O consórcio UFN 3 e a Petrobras repassaram o valor à Justiça do Trabalho, na sexta-feira (19). Há duas semanas, a Petrobras rescindiu o contrato com o consórcio formado pelas empresas Galvão Engenharia S/A e Sinopec Petroleum do Brasil LTDA, após centenas de trabalhadores e fornecedores alegarem o não recebimento.

A obra, iniciada em 2012, agora está parada mas tem aproximadamente 700 funcionários ainda contratados, segundo o o presidente do Sintiespav (Sindicato dos Trabalhadores na Indústria da Construção Civil Pesada), Nivaldo da Silva Moreira. De acordo com ele, o sindicato acompanhará a situação para saber se os salários serão pagos em dia e se as condições de moradia serão garantidas.

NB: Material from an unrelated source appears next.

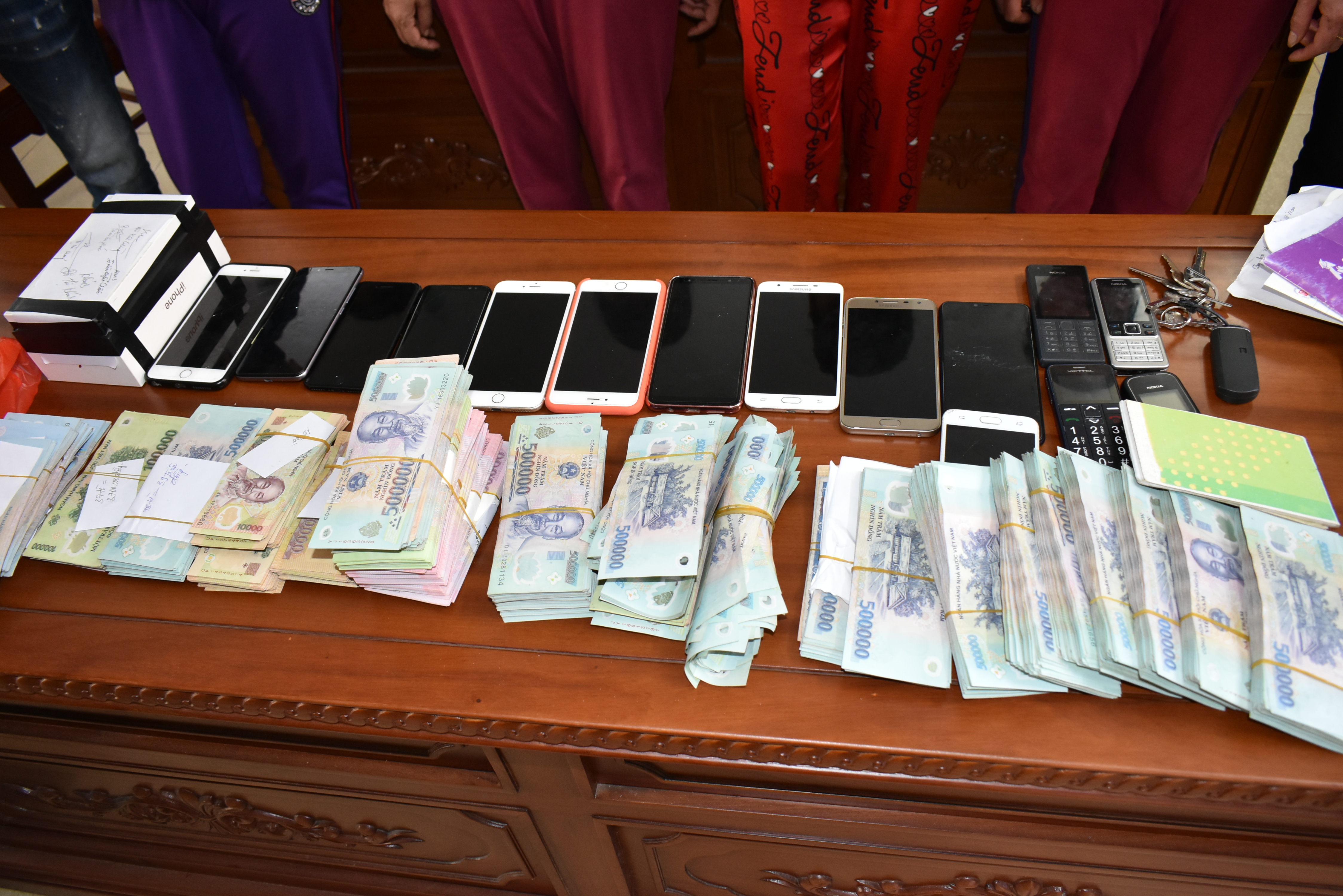 Tiến hành khám xét nơi ở của các đối tượng, cảnh sát thu giữ hơn 940 triệu đồng tiền mặt; hơn 1,4 tỷ đồng chuyển trong tin nhắn điện thoại; 1 ô tô; 13 điện thoại di động và nhiều giấy tờ khác có liên quan đến hoạt động lô, đề,…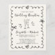 Budget light cream wedding reception invitation featuring a wavy scallop frame adorned with coquette bows, whimsical hand drawn illustrations of hearts and champagne glasses, and "Wedding Reception" and the names of the bride and groom in a fun, playful script. NOTE: This budget-friendly paper is thin, similar in weight to photo paper -- a larger and thicker 5x7 traditional card stock version is also available (message us for the link).

As obras de construção da UFN 3 encontram-se 82% concluídas e a Petrobras informou que já está refazendo o cronograma com fim de garantir a conclusão do empreendimento o quanto antes. A unidade produzirá anualmente 1,2 milhão de toneladas de ureia e 70 mil de toneladas de amônia. A unidade atenderá, em especial, os mercados de Mato Grosso, Mato Grosso do Sul, Goiás, São Paulo e Paraná.

Já as dívidas da unidade com os fornecedores continuam pendentes. Eles também já fizeram protesto em frente a fábrica, na semana passada, cobrando dívida que totaliza R$ 12 milhões.